The lack of information about the guest router makes it difficult to provide accurate advice. What's the make and model? Does it support DD-WRT? Are you using DD-WRT? Is the WAN NAT'd?
Typically, when dealing w/ secondary router connected WAN to LAN wrt the primary router, you prevent access of the upstream network from the secondary router using the latter's IP firewall, NOT the primary router's IP firewall. But again, knowing nothing about the guest router, I don't know if that's even possible. Not unless it supports third-party firmware like DD-WRT, FreshTomato, Merlin, etc., where you do have that capability.
FWIW, the following script is (among other things) intended specifically to prevent such access. But it assumes the use of DD-WRT.
The modem goes to wan port of a netgear r7000 running expressvpn firmware which is custom ddwrt3 with 192.x subnet.
Then one of the lan ports I have connected another r7000 running netgear firmware to create that guest 10.x subnet.

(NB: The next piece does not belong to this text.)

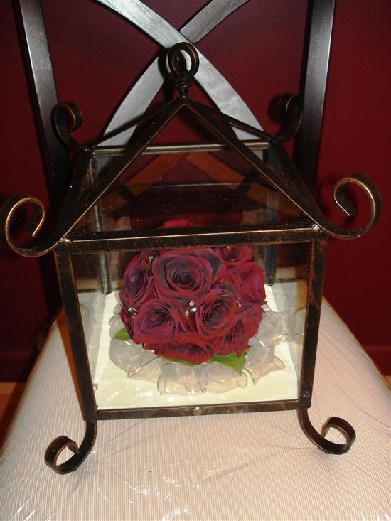 Someone has to send it to them in a box they send to you, the day after your wedding. You work with them on a design after you get back from your honeymoon. This isn't through my florist. And yes, those are my real flowers!!!

So the guest 10 net has to traverse thru the expressvpn router to get out to the internet
I was under the impression using two different subnets that the expressvpn ddwrt iptables could allow the guest to pass thru to wan but not talk to any 192.x addresses
From your link this line Is similar but different to what I did so I'll try it this way
iptables -I FORWARD -i br0 -d $WAN_NET -m state --state NEW -j REJECT
Joined: 18 Mar 2014 Posts: 12881 Location: Netherlands
Posted: Mon Sep 05, 2022 9:36 Post subject:
Bushmaster2000 wrote:
The modem goes to wan port of a netgear r7000 running expressvpn firmware which is custom ddwrt3 with 192.x subnet.

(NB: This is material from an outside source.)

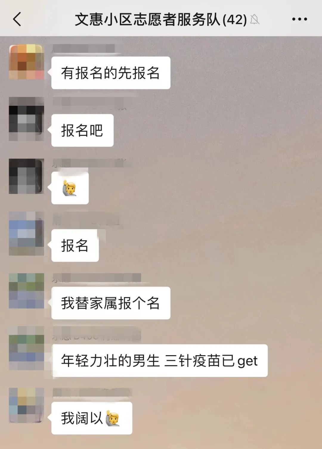 在文惠小区志愿者微信群,志愿征集名额“秒杀”场景几乎每天都在上演。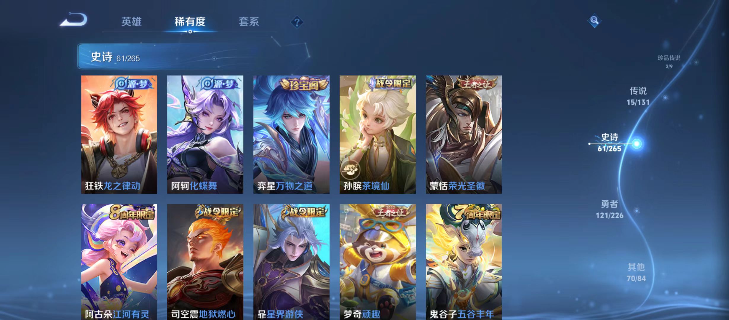 v8【271皮肤2典藏2珍品15传说】银·白咏叹调 九霄神辉 器灵·落星盏 时之奇旅 山海·炽霜斩 燃星之曲 鸣野蒿 山海·苍雷引 绛天战甲 胖达荣荣 地狱火 仲夏夜之梦 冠军飞将 启明星使 愿照·千秋盛 幻光神呛 一念神魔 云鹰飞将 愿照·九州拓 心灵骇客 化蝶舞 心灵战警 水果甜心 特工魅影 猫狗日记 冰冠公主 龙之律动 乐园奇幻夜 玩趣恶龙 千年之狐 紫霞仙子 星夜王子 江河有灵 荣光圣徽 地狱燃心 万物之道 冰雪圆舞曲 末日机甲 茶境仙 曙光守护者 暗隐猎兽者 绅士熊喵 幽灵船长 乘风破浪 修罗 节奏热浪 月团寄思 鬼剑武藏 猫狗日记 魅语 电玩小子 金属风暴 德古拉伯爵 地狱岩魂 摇滚巨星 霸王丸 神威 飞衡 阴阳师 魔术师 暖冬·兔眠 蔚蓝守将 华丽摇滚 单词大作战 暗影游猎 匿光追影者 银河之约 落雪兰心 水晶猎龙者 遇见飞天 逐梦之影 乓乓大师 海滩派对 梁祝 冰锋战神 天狼绘梦者 潮玩骑士王 美猴王 五谷丰年 李小龙 皇家上将 超时空战士 火炮绅士 西部大镖客 黎明之约 高山流水 沉稳之力 死亡摇滚 星界游侠 大圣娶亲 幻夜卜梦 星空之诺 狂想玩偶喵 死亡骑士 白色死神 浪漫序章 爱心护理 布丁狗之约 忍·炎影 小满鸭 潮玩探月行 化身博士 死霸装 幽兰居士 丁香结 大发明家 守护之力 踏浪烽翎 海滩丽影 如懿 罗小黑战记 鹤鸣心笺 幻夜行动 破局者 西部游侠 无双福将 坚韧之力 功夫炙烤 星际陆战队 暗都幽影 教廷特使 敏锐之力 兔女郎 救世之瞳 缤纷绘卷 掌控之力 纽约教父 熔金海岸 秘密基地 未来纪元 虹云星官 幻想奇妙夜 功夫老勺 次元突破 黄金武士 万象初新 圆桌骑士 哥特玫瑰 少女阿狸 乱世虎臣 奇妙博物学 访茗客 拳王 星梦巡礼 魅影绮裳 街头霸王 归虚梦演 幻泉雾影 太极少年 野性能量 幻乐之宴 科学大爆炸 灵卦秘语 龙腾万里 鲨炮海盗猫 灵野札记 春野闲踪 汉昭烈帝 玫蓝誓约 制霸全明星 花好人间 五福同心 流音漫舞 天穹祈灯 沙漠行僧 聚星闪耀 古海寻踪 逆浪荇歌 御狮 朔风刀 探海日志 无畏之灵·狰 混沌棋 万华元夜 顽趣 疑决卦 原初追逐者 驱傩正仪 谧流熔炉 金庭之子 饕餮 醍醐杖 御銮 御霄 重明 御旌 云中旅人 凯尔特女王 原初探秘者 穷奇 荣光之誓 千军破阵 海盐诗旅 烛龙 擒涛扼浪 大漠名商 演武夺筹 虚灵犬护

Then one of the lan ports I have connected another r7000 running netgear firmware to create that guest 10.x subnet.
So the guest 10 net has to traverse thru the expressvpn router to get out to the internet
I was under the impression using two different subnets that the expressvpn ddwrt iptables could allow the guest to pass thru to wan but not talk to any 192.x addresses
From your link this line Is similar but different to what I did so I'll try it this way
iptables -I FORWARD -i br0 -d $WAN_NET -m state --state NEW -j REJECT
@eibgrad already said it all
The rule you are referring to should be set on the secondary router so on our R7000 running stock firmware.
But not sure if that is possible as we do not support stock firmware and neither do we support expressvpn.